● Extracted material:
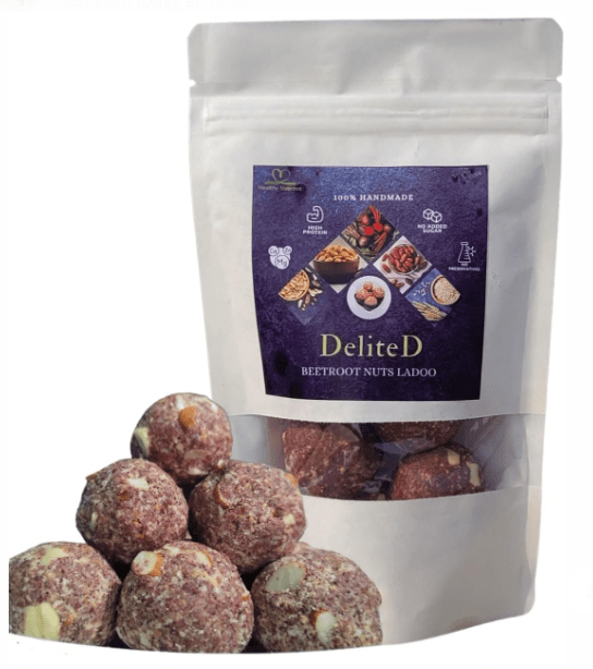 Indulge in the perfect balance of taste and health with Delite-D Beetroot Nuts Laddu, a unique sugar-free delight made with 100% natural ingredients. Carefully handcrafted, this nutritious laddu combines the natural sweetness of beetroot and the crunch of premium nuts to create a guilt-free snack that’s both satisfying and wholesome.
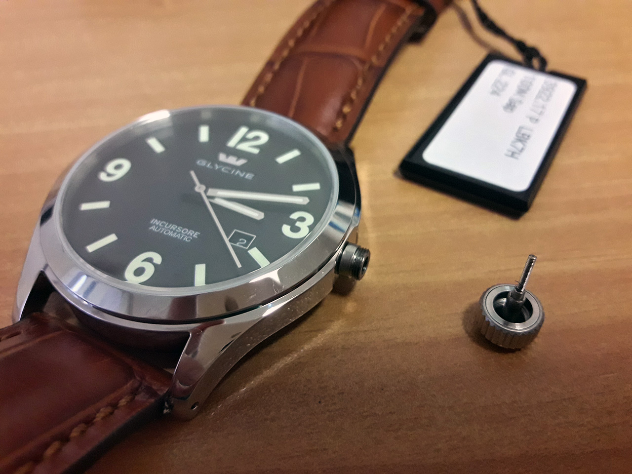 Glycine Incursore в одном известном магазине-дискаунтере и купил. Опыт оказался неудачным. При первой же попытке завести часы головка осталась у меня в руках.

* * *

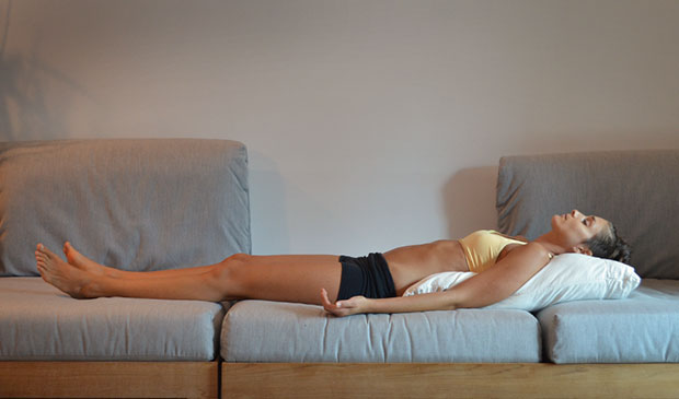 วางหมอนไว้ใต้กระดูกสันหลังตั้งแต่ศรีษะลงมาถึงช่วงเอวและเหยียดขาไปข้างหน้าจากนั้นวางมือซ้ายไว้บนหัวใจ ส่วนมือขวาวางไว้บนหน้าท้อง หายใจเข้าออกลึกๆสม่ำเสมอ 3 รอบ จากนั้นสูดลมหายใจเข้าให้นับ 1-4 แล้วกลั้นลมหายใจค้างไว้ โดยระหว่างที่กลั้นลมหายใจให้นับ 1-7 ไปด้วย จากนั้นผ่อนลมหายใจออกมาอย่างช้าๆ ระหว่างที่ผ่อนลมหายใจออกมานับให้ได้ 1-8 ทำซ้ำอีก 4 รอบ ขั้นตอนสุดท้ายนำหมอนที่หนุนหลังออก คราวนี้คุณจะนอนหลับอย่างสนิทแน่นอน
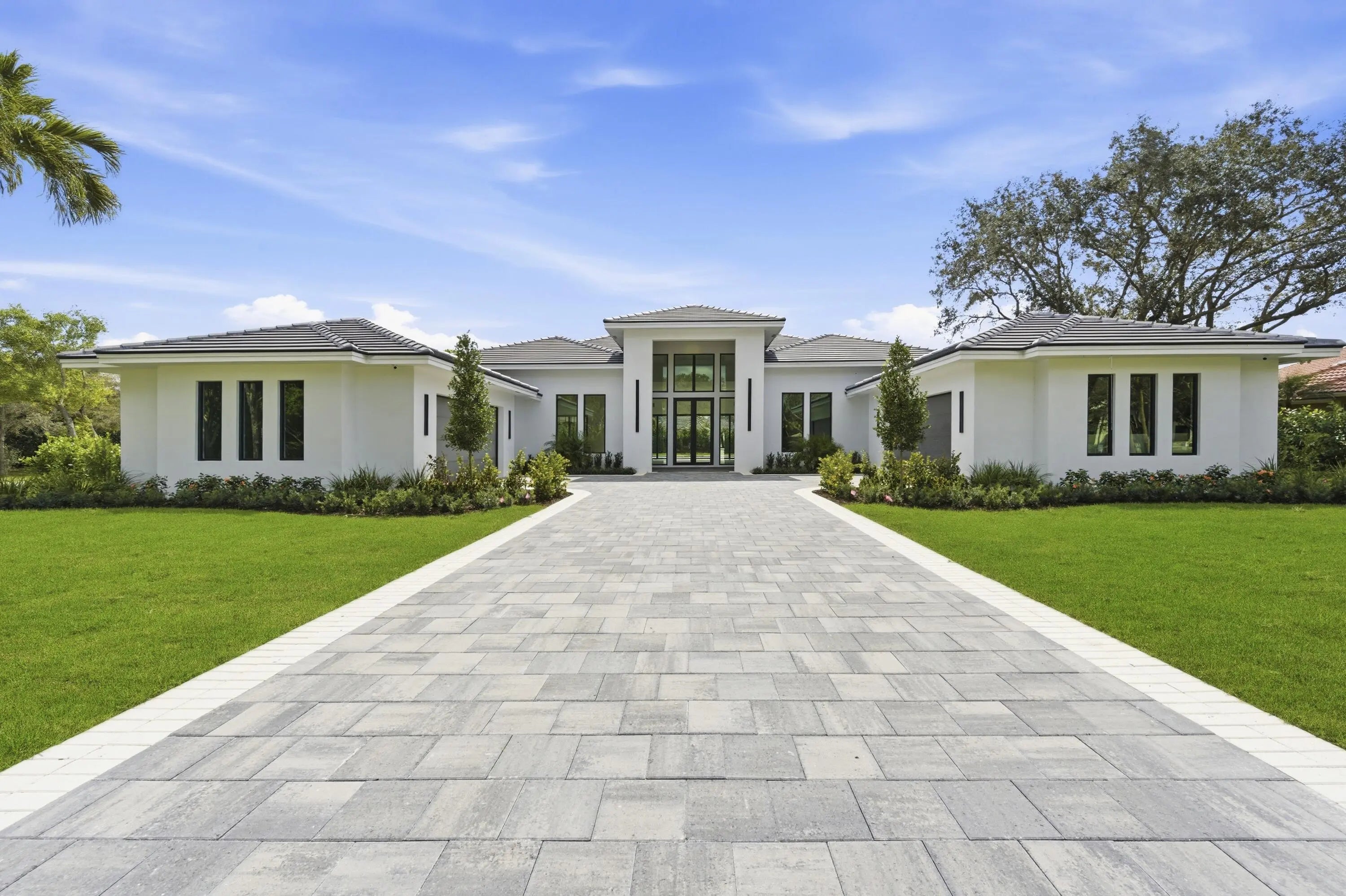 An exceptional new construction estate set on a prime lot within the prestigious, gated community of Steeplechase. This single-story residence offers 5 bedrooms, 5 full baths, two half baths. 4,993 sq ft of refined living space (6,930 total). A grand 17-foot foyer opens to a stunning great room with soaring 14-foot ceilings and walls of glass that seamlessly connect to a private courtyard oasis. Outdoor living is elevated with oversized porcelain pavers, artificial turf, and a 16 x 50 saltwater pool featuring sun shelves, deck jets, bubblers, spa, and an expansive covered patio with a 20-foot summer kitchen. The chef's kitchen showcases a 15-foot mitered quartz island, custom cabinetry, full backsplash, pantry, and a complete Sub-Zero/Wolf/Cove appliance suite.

● Task objective: For this exercise, transcribe exactly the part of the records above that opens with the line containing "Indulge in the" and closes with the one containing "Glycine Incursore в". Pictures are not part of the copy.

● Result:
 Indulge in the perfect balance of taste and health with Delite-D Beetroot Nuts Laddu, a unique sugar-free delight made with 100% natural ingredients. Carefully handcrafted, this nutritious laddu combines the natural sweetness of beetroot and the crunch of premium nuts to create a guilt-free snack that’s both satisfying and wholesome.
 Glycine Incursore в одном известном магазине-дискаунтере и купил. Опыт оказался неудачным. При первой же попытке завести часы головка осталась у меня в руках.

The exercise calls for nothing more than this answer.